PROBLEM DESCRIPTION. Would you return the lines between the one holding "قلت إذا كان" and the one holding "In einem modernen", inclusive, and only those, exactly as they stand in the listing below?

SUPPLIED DATA.

╭──

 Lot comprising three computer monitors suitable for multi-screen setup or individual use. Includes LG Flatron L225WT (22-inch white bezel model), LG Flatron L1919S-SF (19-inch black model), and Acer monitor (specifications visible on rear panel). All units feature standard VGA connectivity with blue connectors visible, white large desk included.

╰──
╭──

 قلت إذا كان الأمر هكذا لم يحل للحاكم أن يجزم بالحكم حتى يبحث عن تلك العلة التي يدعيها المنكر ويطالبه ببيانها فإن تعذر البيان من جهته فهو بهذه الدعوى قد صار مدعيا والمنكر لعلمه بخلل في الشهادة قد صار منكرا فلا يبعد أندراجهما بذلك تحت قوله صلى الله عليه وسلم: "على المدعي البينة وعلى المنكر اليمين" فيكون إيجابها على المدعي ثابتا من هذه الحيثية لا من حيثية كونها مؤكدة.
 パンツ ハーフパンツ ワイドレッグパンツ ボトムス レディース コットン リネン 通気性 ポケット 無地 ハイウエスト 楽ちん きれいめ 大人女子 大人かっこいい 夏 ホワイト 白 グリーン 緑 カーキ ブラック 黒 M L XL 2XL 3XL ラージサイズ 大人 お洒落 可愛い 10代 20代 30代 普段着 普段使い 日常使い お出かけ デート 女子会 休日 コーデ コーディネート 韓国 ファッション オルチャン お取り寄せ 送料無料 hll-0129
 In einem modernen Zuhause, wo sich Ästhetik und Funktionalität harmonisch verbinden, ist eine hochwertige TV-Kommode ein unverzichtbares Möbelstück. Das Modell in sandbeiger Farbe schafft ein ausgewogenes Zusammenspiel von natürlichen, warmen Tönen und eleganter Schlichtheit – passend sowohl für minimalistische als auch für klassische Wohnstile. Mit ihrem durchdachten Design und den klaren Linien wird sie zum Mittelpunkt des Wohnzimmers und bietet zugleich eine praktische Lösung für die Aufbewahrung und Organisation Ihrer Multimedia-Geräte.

╰──

EXERCISE RESULT.
 قلت إذا كان الأمر هكذا لم يحل للحاكم أن يجزم بالحكم حتى يبحث عن تلك العلة التي يدعيها المنكر ويطالبه ببيانها فإن تعذر البيان من جهته فهو بهذه الدعوى قد صار مدعيا والمنكر لعلمه بخلل في الشهادة قد صار منكرا فلا يبعد أندراجهما بذلك تحت قوله صلى الله عليه وسلم: "على المدعي البينة وعلى المنكر اليمين" فيكون إيجابها على المدعي ثابتا من هذه الحيثية لا من حيثية كونها مؤكدة.
 パンツ ハーフパンツ ワイドレッグパンツ ボトムス レディース コットン リネン 通気性 ポケット 無地 ハイウエスト 楽ちん きれいめ 大人女子 大人かっこいい 夏 ホワイト 白 グリーン 緑 カーキ ブラック 黒 M L XL 2XL 3XL ラージサイズ 大人 お洒落 可愛い 10代 20代 30代 普段着 普段使い 日常使い お出かけ デート 女子会 休日 コーデ コーディネート 韓国 ファッション オルチャン お取り寄せ 送料無料 hll-0129
 In einem modernen Zuhause, wo sich Ästhetik und Funktionalität harmonisch verbinden, ist eine hochwertige TV-Kommode ein unverzichtbares Möbelstück. Das Modell in sandbeiger Farbe schafft ein ausgewogenes Zusammenspiel von natürlichen, warmen Tönen und eleganter Schlichtheit – passend sowohl für minimalistische als auch für klassische Wohnstile. Mit ihrem durchdachten Design und den klaren Linien wird sie zum Mittelpunkt des Wohnzimmers und bietet zugleich eine praktische Lösung für die Aufbewahrung und Organisation Ihrer Multimedia-Geräte.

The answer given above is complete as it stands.